- [Task brief]:
Repeat the listing that follows character for character, omitting images.

- [Data supplied]:
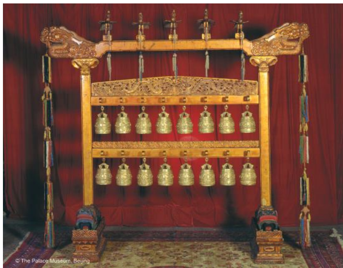
Instrumento de campanas de bronce dorado con diseño de dragones y nubes (con marco de madera)

Los lujosos interiores de la Ciudad se complementaron con la presencia sutil de las campanas, ocarinas y flautas. Según la leyenda, la música china se origina el año 2697 a. C. cuando el emperador ordena que sus súbditos trajeran cañas de bambú de las montañas para fabricar instrumentos y organizar las notas musicales básicas. De todas formas, la idea de que los sonidos podían darle armonía al universo, estaba profundamente arraigada en las creencias chinas y durante el largo período de influencia de Confucio, la música fue un medio para calmar las pasiones y asegurar la armonía. Toda composición musical debía estar dedicada a la purificación de la mente, y no a la entretención y el ocio. Así, la música más valorada era la más simple y etérea.
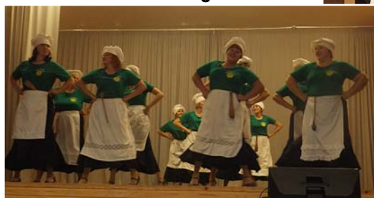
Dāmas iejūtās pavāru lomā.
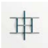
Adagio Grigio + Blu
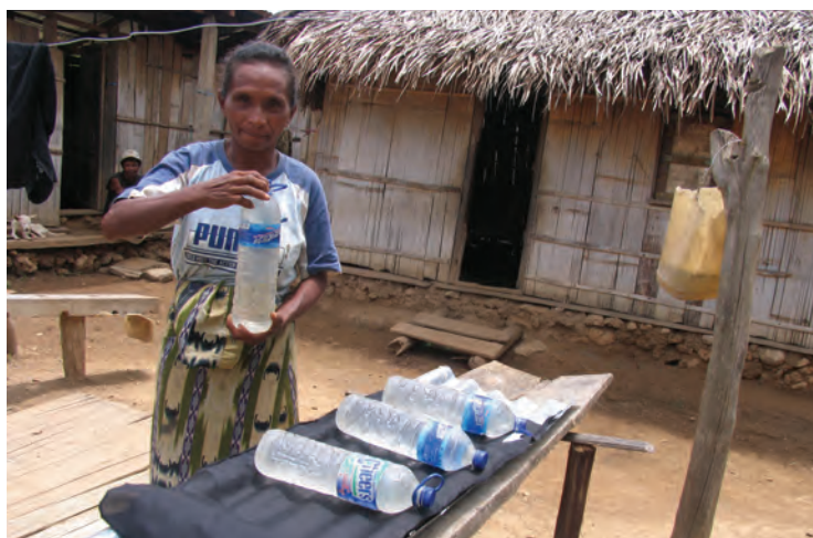
Feto ida hatudu oinsá nia tau botir nakonu ho bee iha hena metan leten hodi purifika bee atu seguru ba hemu, Porlamano, Feveiru 2010.
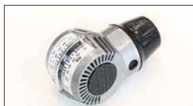
●キャブバルancer/エアフロタイプ 本体 ¥10,000 適合: SOLEX40~50 WEBER40~48 DER40~50φ キャブに当てたままでもアイドリングが下がる 新しい新機構で簡単にキャブ調整ができます。

- [Solution to this problem]:
Instrumento de campanas de bronce dorado con diseño de dragones y nubes (con marco de madera)

Los lujosos interiores de la Ciudad se complementaron con la presencia sutil de las campanas, ocarinas y flautas. Según la leyenda, la música china se origina el año 2697 a. C. cuando el emperador ordena que sus súbditos trajeran cañas de bambú de las montañas para fabricar instrumentos y organizar las notas musicales básicas. De todas formas, la idea de que los sonidos podían darle armonía al universo, estaba profundamente arraigada en las creencias chinas y durante el largo período de influencia de Confucio, la música fue un medio para calmar las pasiones y asegurar la armonía. Toda composición musical debía estar dedicada a la purificación de la mente, y no a la entretención y el ocio. Así, la música más valorada era la más simple y etérea.
Dāmas iejūtās pavāru lomā.
Adagio Grigio + Blu
Feto ida hatudu oinsá nia tau botir nakonu ho bee iha hena metan leten hodi purifika bee atu seguru ba hemu, Porlamano, Feveiru 2010.
●キャブバルancer/エアフロタイプ 本体 ¥10,000 適合: SOLEX40~50 WEBER40~48 DER40~50φ キャブに当てたままでもアイドリングが下がる 新しい新機構で簡単にキャブ調整ができます。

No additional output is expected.